According to the attorney general, officers engaged in an unlawful practice of kettling or corralling protesters without providing them an opportunity to disperse, and thereafter making a vast number of arrests without probable cause.

“We need immediate change to decades old unjust policies and practices,” James said.

The attorney general is seeking to remedy these longstanding and systemic problems at the NYPD by “installing a monitor to oversee the NYPD’s policing tactics at future protests and to oversee future compliance with the law, as well as a host of other reforms to address the problematic policies and training failures that are outlined in the complaint.”

Additionally, the lawsuit is seeking a court order declaration that the policies and practices that the NYPD used during these protests were unlawful.
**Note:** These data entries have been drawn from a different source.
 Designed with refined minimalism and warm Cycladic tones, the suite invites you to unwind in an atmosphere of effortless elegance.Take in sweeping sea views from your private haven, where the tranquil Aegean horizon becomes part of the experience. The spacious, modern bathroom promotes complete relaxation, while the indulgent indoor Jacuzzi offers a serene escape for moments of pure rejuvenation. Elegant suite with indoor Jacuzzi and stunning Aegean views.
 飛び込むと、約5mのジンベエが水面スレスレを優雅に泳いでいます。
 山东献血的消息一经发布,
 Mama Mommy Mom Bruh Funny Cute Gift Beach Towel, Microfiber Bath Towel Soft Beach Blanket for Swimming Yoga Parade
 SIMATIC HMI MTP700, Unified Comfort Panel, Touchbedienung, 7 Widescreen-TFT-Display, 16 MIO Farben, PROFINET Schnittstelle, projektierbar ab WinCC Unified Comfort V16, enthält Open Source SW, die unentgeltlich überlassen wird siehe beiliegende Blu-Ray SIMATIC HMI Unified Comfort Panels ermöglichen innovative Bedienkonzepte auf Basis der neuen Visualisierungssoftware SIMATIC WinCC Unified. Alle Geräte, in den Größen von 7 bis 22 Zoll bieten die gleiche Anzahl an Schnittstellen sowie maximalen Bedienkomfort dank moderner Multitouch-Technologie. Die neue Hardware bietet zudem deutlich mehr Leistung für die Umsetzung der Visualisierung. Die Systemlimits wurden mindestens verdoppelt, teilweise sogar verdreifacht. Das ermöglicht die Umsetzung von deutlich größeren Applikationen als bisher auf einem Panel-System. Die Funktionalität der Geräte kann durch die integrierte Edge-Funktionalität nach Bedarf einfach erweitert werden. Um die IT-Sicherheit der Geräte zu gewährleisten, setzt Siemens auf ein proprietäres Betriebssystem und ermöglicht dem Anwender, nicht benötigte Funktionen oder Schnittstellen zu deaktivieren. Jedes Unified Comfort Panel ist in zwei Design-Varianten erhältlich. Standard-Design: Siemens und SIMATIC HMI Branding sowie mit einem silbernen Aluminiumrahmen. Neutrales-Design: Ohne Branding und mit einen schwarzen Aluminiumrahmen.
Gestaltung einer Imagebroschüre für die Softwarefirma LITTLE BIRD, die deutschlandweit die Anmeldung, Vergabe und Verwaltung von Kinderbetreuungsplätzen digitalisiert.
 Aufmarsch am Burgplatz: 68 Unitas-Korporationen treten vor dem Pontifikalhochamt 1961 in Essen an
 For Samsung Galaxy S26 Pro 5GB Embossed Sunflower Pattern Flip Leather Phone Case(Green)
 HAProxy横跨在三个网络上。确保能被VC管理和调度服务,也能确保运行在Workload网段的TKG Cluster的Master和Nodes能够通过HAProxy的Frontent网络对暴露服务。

During James’ press conference, alleged victims of police brutality during the summer protests recounted their experience.

Protester Luke Hanna, who says he was peacefully protesting on June 3 in downtown Brooklyn the death of George Floyd at the hands of police officers, claimed he was assaulted by an “irresponsible officer” who acted “out of line.”

“I was assaulted by an irresponsible officer because that officer was sure that he or she would get away with it,” Luke Hanna, a protester said. “My hope from this [lawsuit] is that the individual officers that acted out of line..throughout the protests are held accountable and, beyond that, a fundamental change in the way the NYPD recruits and trains its officers.”